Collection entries
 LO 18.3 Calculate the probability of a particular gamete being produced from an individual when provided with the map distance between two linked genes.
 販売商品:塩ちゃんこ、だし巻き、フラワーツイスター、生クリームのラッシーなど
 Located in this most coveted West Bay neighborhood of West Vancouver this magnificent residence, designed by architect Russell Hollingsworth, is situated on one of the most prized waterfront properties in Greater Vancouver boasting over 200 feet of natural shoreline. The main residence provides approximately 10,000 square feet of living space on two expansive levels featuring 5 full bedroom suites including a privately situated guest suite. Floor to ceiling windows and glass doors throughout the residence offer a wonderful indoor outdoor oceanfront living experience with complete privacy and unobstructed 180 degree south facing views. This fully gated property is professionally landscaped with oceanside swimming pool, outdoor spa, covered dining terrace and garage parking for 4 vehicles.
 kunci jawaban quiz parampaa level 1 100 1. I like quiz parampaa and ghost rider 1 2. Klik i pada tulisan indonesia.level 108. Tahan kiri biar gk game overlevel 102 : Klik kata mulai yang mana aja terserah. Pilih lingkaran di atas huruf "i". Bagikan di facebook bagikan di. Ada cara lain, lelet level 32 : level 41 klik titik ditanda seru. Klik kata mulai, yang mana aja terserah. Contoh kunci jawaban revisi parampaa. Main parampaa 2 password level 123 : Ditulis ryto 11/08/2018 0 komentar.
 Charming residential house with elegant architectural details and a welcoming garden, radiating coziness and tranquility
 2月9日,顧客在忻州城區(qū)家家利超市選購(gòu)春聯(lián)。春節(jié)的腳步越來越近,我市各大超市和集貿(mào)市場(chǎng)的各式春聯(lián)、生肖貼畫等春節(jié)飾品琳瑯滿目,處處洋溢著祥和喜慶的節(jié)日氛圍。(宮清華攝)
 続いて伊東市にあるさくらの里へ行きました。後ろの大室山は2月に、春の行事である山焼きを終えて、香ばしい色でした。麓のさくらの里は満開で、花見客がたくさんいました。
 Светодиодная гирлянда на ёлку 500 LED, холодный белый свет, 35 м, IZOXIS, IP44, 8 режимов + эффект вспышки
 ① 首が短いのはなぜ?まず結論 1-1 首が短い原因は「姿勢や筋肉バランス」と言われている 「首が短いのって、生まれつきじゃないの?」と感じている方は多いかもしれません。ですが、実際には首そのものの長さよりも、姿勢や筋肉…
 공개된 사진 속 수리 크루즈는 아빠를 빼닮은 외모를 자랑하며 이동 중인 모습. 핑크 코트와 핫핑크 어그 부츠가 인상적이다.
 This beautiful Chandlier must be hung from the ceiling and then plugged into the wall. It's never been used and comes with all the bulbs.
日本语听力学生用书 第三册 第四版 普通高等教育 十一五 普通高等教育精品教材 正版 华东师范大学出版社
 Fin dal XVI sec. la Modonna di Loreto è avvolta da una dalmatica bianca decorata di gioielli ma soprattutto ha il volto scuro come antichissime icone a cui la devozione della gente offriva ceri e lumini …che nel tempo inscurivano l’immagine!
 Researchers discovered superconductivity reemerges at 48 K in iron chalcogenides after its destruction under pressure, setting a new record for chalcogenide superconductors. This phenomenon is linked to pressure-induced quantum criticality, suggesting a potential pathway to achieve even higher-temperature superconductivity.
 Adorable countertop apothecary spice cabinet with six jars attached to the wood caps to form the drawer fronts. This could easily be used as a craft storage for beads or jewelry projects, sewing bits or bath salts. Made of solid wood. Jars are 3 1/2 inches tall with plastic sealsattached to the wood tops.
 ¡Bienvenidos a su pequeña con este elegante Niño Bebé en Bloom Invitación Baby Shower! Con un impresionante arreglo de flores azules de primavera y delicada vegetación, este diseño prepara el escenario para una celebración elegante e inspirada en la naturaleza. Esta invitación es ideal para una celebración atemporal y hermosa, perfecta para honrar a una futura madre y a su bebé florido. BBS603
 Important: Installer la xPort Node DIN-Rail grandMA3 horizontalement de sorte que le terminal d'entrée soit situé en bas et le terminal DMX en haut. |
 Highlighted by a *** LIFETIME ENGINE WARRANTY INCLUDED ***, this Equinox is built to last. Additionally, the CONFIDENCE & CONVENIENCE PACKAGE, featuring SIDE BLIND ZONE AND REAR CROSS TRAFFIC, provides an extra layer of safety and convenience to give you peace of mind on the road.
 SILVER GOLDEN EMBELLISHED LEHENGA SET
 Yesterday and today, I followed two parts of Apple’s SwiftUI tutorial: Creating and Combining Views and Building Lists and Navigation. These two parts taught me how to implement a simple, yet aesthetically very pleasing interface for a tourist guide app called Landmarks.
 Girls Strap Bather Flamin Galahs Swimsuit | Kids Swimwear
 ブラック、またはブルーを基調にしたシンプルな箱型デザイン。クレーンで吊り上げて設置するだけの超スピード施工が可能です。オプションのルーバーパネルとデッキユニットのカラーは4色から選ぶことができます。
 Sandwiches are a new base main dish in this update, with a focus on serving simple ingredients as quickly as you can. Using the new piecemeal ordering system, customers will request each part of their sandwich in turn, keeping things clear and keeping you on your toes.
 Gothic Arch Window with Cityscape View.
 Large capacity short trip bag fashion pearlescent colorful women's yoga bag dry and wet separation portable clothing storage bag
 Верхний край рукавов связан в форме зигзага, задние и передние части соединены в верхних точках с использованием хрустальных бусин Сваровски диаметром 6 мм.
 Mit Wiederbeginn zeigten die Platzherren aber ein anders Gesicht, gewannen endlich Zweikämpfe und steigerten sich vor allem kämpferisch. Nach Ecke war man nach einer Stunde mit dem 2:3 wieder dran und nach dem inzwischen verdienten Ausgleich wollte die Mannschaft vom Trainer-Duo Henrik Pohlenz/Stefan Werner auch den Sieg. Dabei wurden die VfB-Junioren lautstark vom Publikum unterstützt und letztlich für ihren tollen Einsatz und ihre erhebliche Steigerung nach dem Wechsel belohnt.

▸ Directions for this task
Exactly as written, repeat each line from the beginning of the data above to the line containing "販売商品:塩ちゃんこ、だし巻き、フラワーツイスター、生クリームのラッシーなど", inclusive.

▸ Written solution
 LO 18.3 Calculate the probability of a particular gamete being produced from an individual when provided with the map distance between two linked genes.
 販売商品:塩ちゃんこ、だし巻き、フラワーツイスター、生クリームのラッシーなど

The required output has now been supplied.